### Exercise data
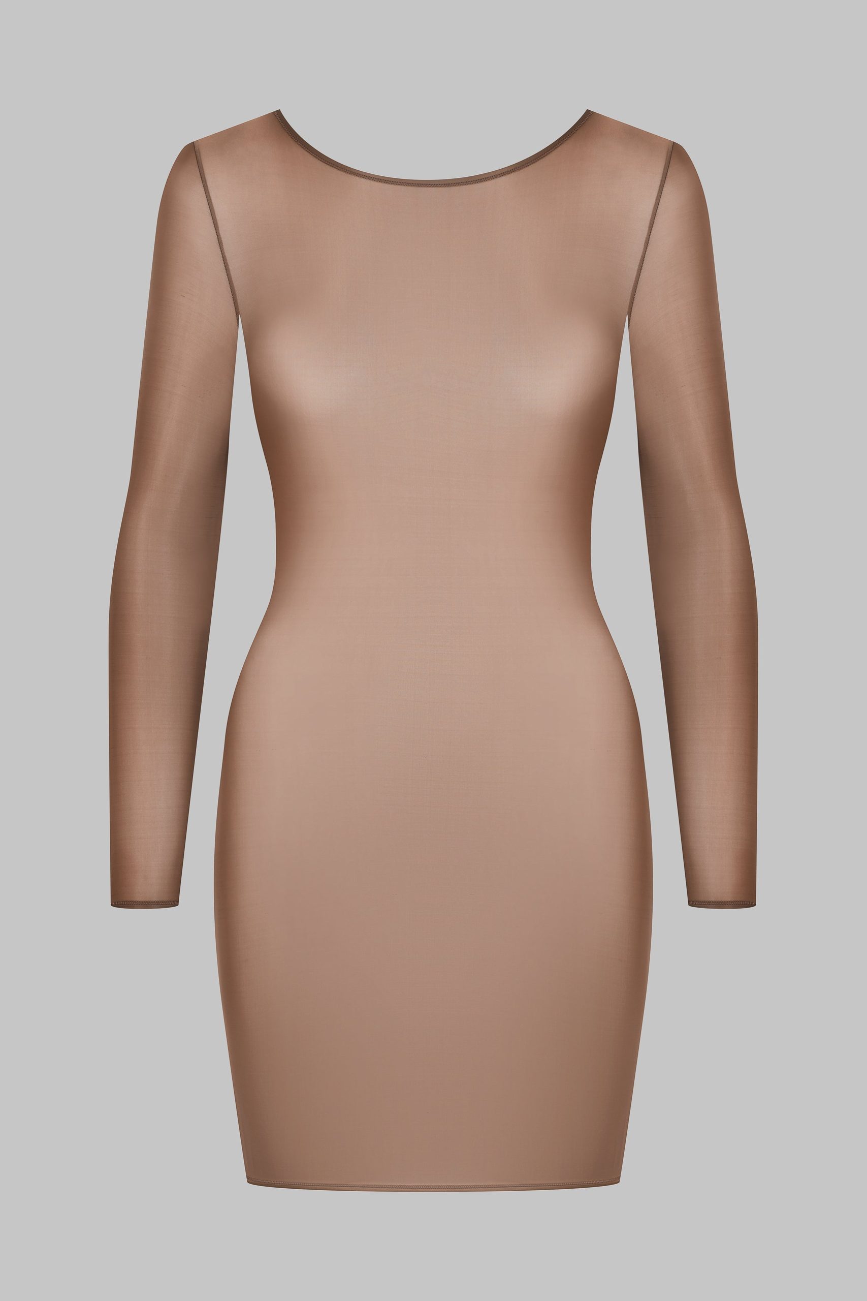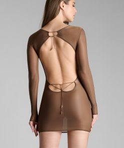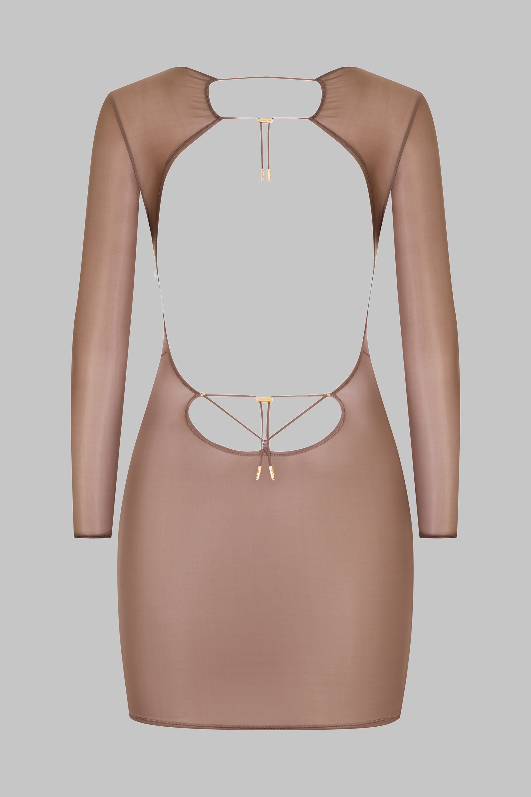 Maison Close Women’s Lingerie French Kiss Light Short Open Back Long Sleeve Dress | Mocha
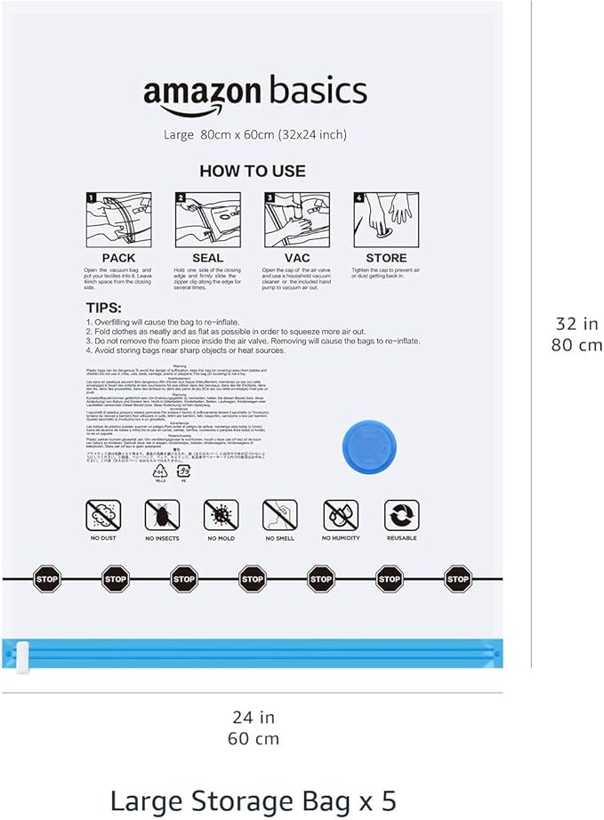 Amazon Basics Vacuum Compression Space Saving Storage Bags with Hand Pump, Large, Pack of 5, Clear
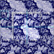 Este elegante, sem descontinuidades, padrão azul e branco apresenta um coelho coelho e pássaros cercados por folhagem estilizada e flores. O cenário florestal inclui folhas e bagas, inspiradas por antigas designs de cerâmica oriental de chinoiserie. Os coelhos e os pássaros são evocativos dos velhos motivos Dedham e Delft. Foi pintado à mão e queimado com azulejo de cerâmica, dando ao trabalho de arte um aspecto macio. Perfeito para quem ama coelhos, azuis e brancos, animais e natureza, este tecido elegante é excelente para o uso do decoro doméstico e do artesanato. Trabalho de arte e design únicos de Tuzi Williams.
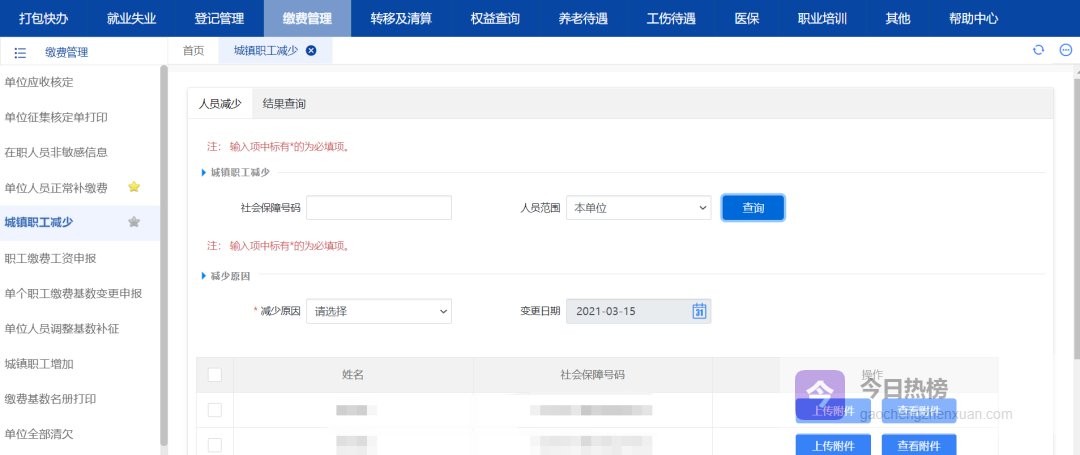选择减少原因,单选或多选相同原因人员,系统会弹窗提示需上传的附件(如死亡证明、出国定居签证页等),上传后再次核对,最后点击“提交”。

### How to complete this task
Only the lines from the one containing "Amazon Basics Vacuum" through the final line of the data are to be written out, exactly as they stand and without pictures.

### Output of the task
 Amazon Basics Vacuum Compression Space Saving Storage Bags with Hand Pump, Large, Pack of 5, Clear
 Este elegante, sem descontinuidades, padrão azul e branco apresenta um coelho coelho e pássaros cercados por folhagem estilizada e flores. O cenário florestal inclui folhas e bagas, inspiradas por antigas designs de cerâmica oriental de chinoiserie. Os coelhos e os pássaros são evocativos dos velhos motivos Dedham e Delft. Foi pintado à mão e queimado com azulejo de cerâmica, dando ao trabalho de arte um aspecto macio. Perfeito para quem ama coelhos, azuis e brancos, animais e natureza, este tecido elegante é excelente para o uso do decoro doméstico e do artesanato. Trabalho de arte e design únicos de Tuzi Williams.
选择减少原因,单选或多选相同原因人员,系统会弹窗提示需上传的附件(如死亡证明、出国定居签证页等),上传后再次核对,最后点击“提交”。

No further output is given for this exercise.